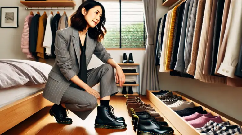 30代の日本人女性が自宅のクローゼットでスーツとドクターマーチンの靴を並べてコーディネートしている様子。
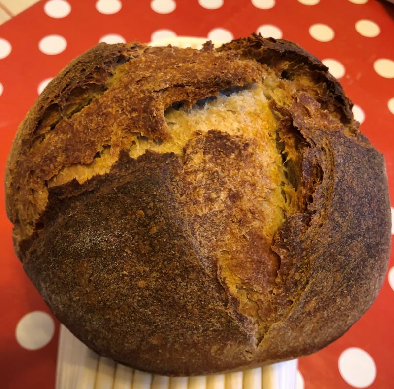 Gestern Abend habe ich den ersten "frei geschobenen" großen Laib auf einer Glasplatte gebacken, und abgesehen von leichten Rissen unten finde ich es sehr gelungen.
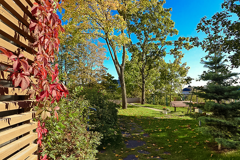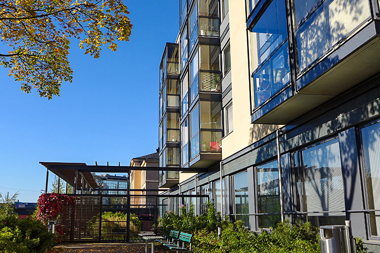 Ympäristö on vehreää ja jalankulkuväylät tarjoavat hyvät mahdollisuudet liikkumiseen myös apuvälineiden käyttäjille.
———
## What to do
Print each line of the listing exactly and include no pictures.

## Solution
 30代の日本人女性が自宅のクローゼットでスーツとドクターマーチンの靴を並べてコーディネートしている様子。
 Gestern Abend habe ich den ersten "frei geschobenen" großen Laib auf einer Glasplatte gebacken, und abgesehen von leichten Rissen unten finde ich es sehr gelungen.
 Ympäristö on vehreää ja jalankulkuväylät tarjoavat hyvät mahdollisuudet liikkumiseen myös apuvälineiden käyttäjille.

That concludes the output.